Data agent in Microsoft Fabric is a new Microsoft Fabric feature that enables you to build your own conversational Q&A systems by using generative AI. A Fabric data agent makes data insights more accessible and actionable for everyone in your organization. By using a Fabric data agent, your team can have conversations, with plain English-language questions, about the data that your organization stored in Fabric OneLake and then receive relevant answers. This way, even people without technical expertise in AI or a deep understanding of the data structure can receive precise and context-rich answers. Within broader agentic application architectures on Microsoft Fabric, data agents serve as the conversational analytics component, connecting to governed data in OneLake through lakehouses, warehouses, semantic models, and KQL databases in multi-agent solutions.

You can also add organization-specific instructions, examples, and guidance to fine-tune the Fabric data agent. This approach ensures that responses align with your organization's needs and goals, allowing everyone to engage with data more effectively. Fabric data agent fosters a culture of data-driven decision-making because it lowers barriers to insight accessibility, facilitates collaboration, and helps your organization extract more value from its data.

Prerequisites

Governance prerequisites

If your tenant or workspace is governed by Microsoft Purview policies, agents must operate within those policies. The following Purview policies can limit agent access and the results that agents return, based on sensitivity and policy configuration:

  • Purview DLP policies in Fabric Data Warehouse (generally available): DLP policies can detect and restrict access to sensitive data in warehouse assets that the agent queries.
  • Access restriction policies (preview) for Fabric KQL Database, Fabric SQL Database, and Fabric Data Warehouse: These policies can prevent the agent from accessing or returning results from assets that are classified as sensitive.

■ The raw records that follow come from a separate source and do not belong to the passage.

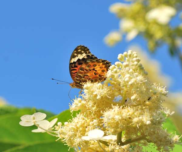 ノリウツギの花にツマグロヒョウモンがやって来た
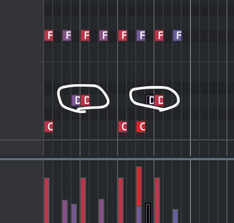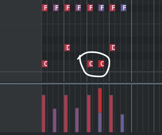 打ち込みの場合でも2回目のキックを強くすることで生の演奏に近づけることができます。意識してみてください。
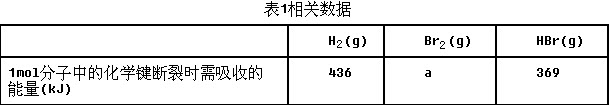 蒸发1molBr2(l)需吸收30kJ能量其他相关数据如表1
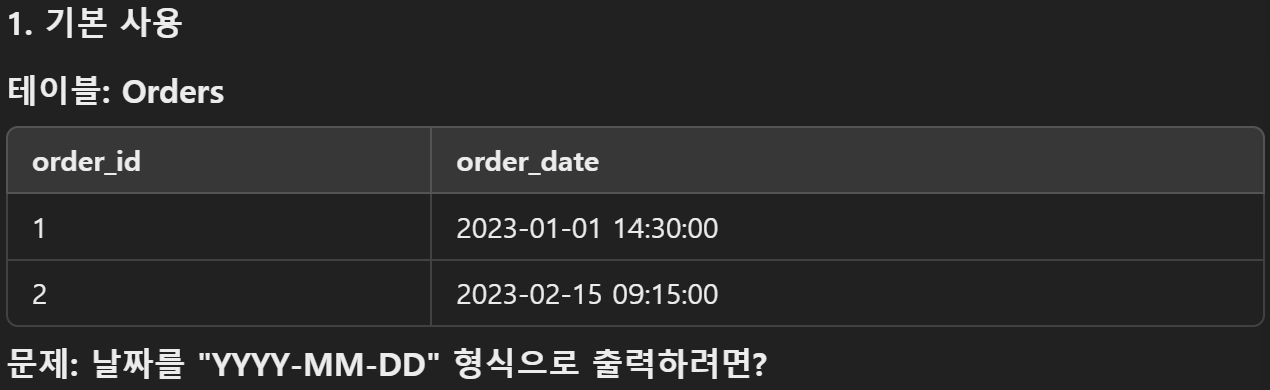 "DATE_FORMAT" 함수는 날짜 및 시간 데이터를 지정된 형식으로 변환하는 데 사용됩니다. MySQL과 같은 DBMS에서 주로 사용되며, 출력 결과를 사람이 읽기 쉽게 하거나 특정 패턴에 맞춰 변환하는 데 유용합니다.

How the Fabric data agent works

The Fabric data agent uses large language models (LLMs) to help users interact with their data naturally. The Fabric data agent applies Azure OpenAI Assistant APIs and behaves like an agent. It processes user questions, determines the most relevant data source (Lakehouse, Warehouse, Power BI dataset, KQL databases, ontology, or Microsoft Graph), and invokes the appropriate tool to generate, validate, and execute queries. Users can then ask questions in plain language and receive structured, human-readable answers. This approach eliminates the need to write complex queries and ensures accurate and secure data access.

Here's how it works in detail:

Question parsing and validation: The Fabric data agent applies Azure OpenAI Assistant APIs as the underlying agent to process user questions. This approach ensures that the question complies with security protocols, responsible AI (RAI) policies, and user permissions. The Fabric data agent also respects Microsoft Purview governance controls applied to the underlying Fabric data sources, including Data Loss Prevention (DLP) and access restriction policies. Policy enforcement might prevent certain queries from running or specific data from being surfaced in responses. The Fabric data agent strictly enforces read-only access, maintaining read-only data connections to all data sources.

Enforcement mechanisms: The Fabric data agent applies several layers of protection during processing. It uses the requesting user's credentials and permissions to enforce least-privilege access, ensuring that each interaction only reaches data the user is authorized to view. The agent evaluates requests against tenant and workspace policy settings before executing any action. Guardrails constrain tool invocation and outputs to scoped data sources, preventing queries from reaching resources outside the configured scope. You can optionally integrate Azure AI Content Safety to apply content risk controls that help reduce harmful or out-of-policy responses.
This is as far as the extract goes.